Fish oil VS flaxseed oil to combat dry eyes?

Dry Eyes: Fish Oil Vs Flaxseed Oil

Those of you who suffer from dry eyes know that it can be very uncomfortable. Dry eye syndrome is that itchy, watery, stinging feeling you get because you have stared at something too long without blinking. There are a number of steps you can take to help alleviate the symptoms of irritating dry eyes. This week’s blog will touch on two types of oils that are recommended to help reduce the irritation. These include fish oil and flaxseed oil. Read on to see which one is better and why.

Some of you may be wondering about why ingesting fish oil or flaxseed oil is even related to dry eye treatment. Well, these oils contain important properties (which our bodies cannot make and must get from food) called fatty acids, which are essential to good eye health. They aid in cell formation and proper eye function. The type of fatty acids that fish oil and flaxseed oil contain are docosahexaenoic acid (DHA), eicoapentaenoic acid (EPA) and alpha-linolenic acid (ALA). These are classified as Omega 3s. The American Academy of Ophthalmology explains on their website that, “Omega-3 oils appear to improve function in the eye’s meibomian glands, which produce the oily part of tears. Improved function of those glands can ease dry eye symptoms.”

 

Check out our previous blog post on Dry Eye Syndrome.

Dry Eyes: Fish Oil VS Flaxseed Oil

Let’s start off with fish oil. Fish oil contains DHA and EPA. These types of omega 3s are ready to be used up by our bodies immediately. A good reason why fish oil has been touted as a great source of omega 3s. Some people avoid fish oil or at least too much of it because of high mercury concerns. Others don’t enjoy the “fishy” aftertaste. However, with some due diligence, it is possible to find brands of fish oil that are derived from fish who have low mercury levels. Additionally, many brands now come in fruit flavors that have little to no aftertaste. It is important to remember that including the beneficial food, in this case, fish, within your diet should be most important. If you are not eating enough fish, then consider supplementing your diet with fish oil capsules. It’s important to speak to your family doctor if you have preexisting conditions which may interfere with an increased amount of omega 3s.

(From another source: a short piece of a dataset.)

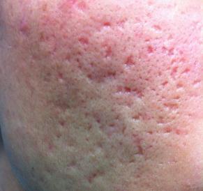 治疗:点阵激光、射频微针、自体脂肪填充、皮下分离、富血小板血浆、化学剥脱、磨削术、环钻术。
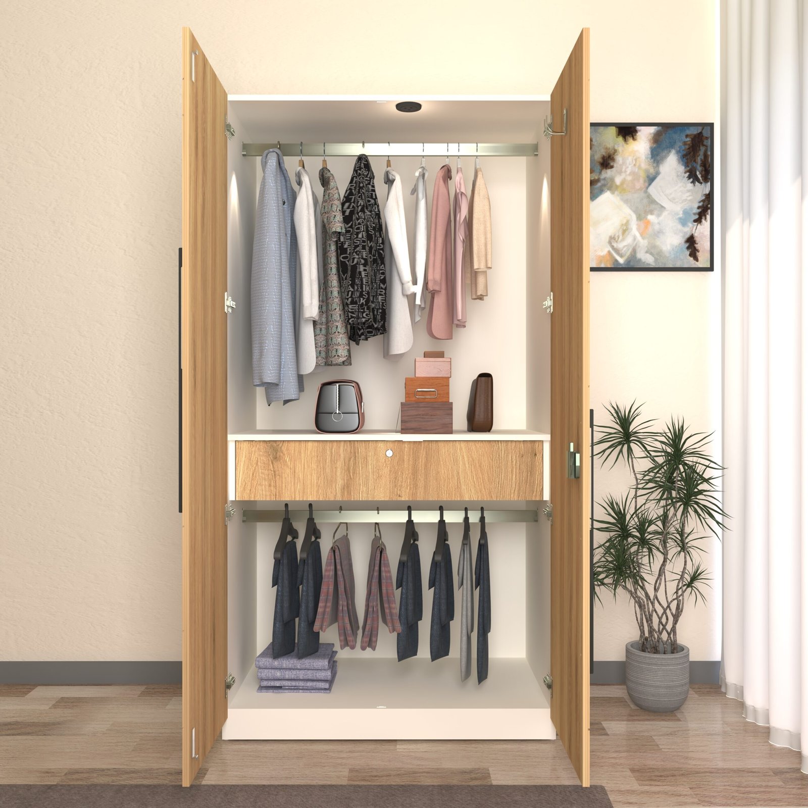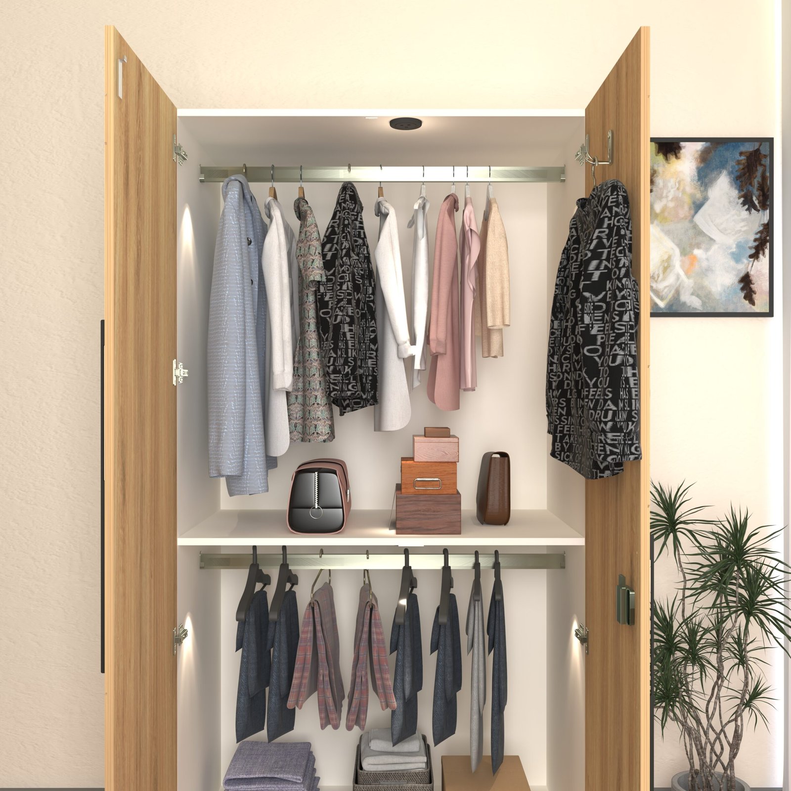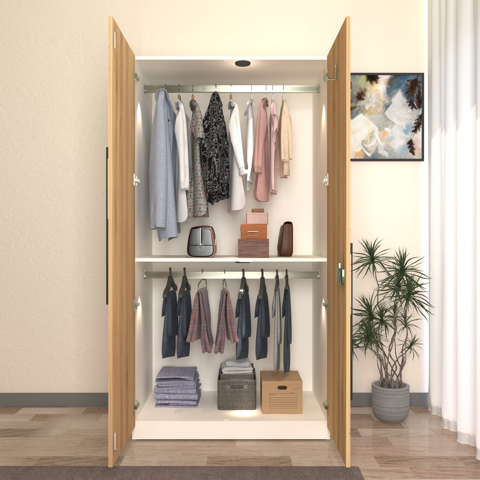 Upgrade your bedroom with the Keris Premium 2-Door Wardrobe, designed in a stylish Wood Oak Light & Frosty White dual-tone finish that complements all modern interiors. Built from durable engineered wood, this wardrobe offers a clean, spacious layout with one full-length hanging section and one large lower storage area.

What about flaxseed oil? Flaxseed oil is consumed by many vegetarians as a source of omega 3. It contains the previously mentioned ALA type of omega 3. Once consumed the body converts the ALA into DHA and EPA, which is the two sources of omega 3s that have been shown to provide eye health benefits. The biggest problem with flaxseed oil is the conversion rate. Harvard Medical School published an article Why Not Flaxseed oil? in which this problem of conversion is detailed:

“The main problem with ALA is that to have the good effects attributed to omega-3s, it must be converted by a limited supply of enzymes into EPA and DHA. As a result, only a small fraction of it has omega-3’s effects — 10%–15%, maybe less. The remaining 85%–90% gets burned up as energy or metabolized in other ways.”

Which Oil Is More Beneficial?

Given that our bodies are only deriving a small portion of DHA and EPA from a daily intake of flaxseed oil, it is clear that fish oil is more beneficial in delivering the necessary omega 3s needed to help dry eyes. However, it’s important to properly inspect the label of your fish oil to see how much DHA and EPA you are getting from the recommended dosage. Dr. Sharma recommends patients consume 1,000-1,500mg of omega 3s daily for dry eyes.

What About The Vegetarians & Vegans?

There is an alternative to fish oil these days, it is derived from the algae that fish feed on. Companies have now started sourcing omega 3 oil from algae successfully, which contains both DHA and EPA. This source of omega 3s is considered more sustainable than fish oil and vegetarian and vegan-friendly. The jury is still out on if whether or not algae oil provides users with the same exact properties as fish oil as enough research has not been conducted in this area. But, it is clear that it is a better source of omega 3 (than flaxseed oil) for those not wanting to consume fish oil. Again, it is important to look at the label to see how much DHA and EPA are in each serving.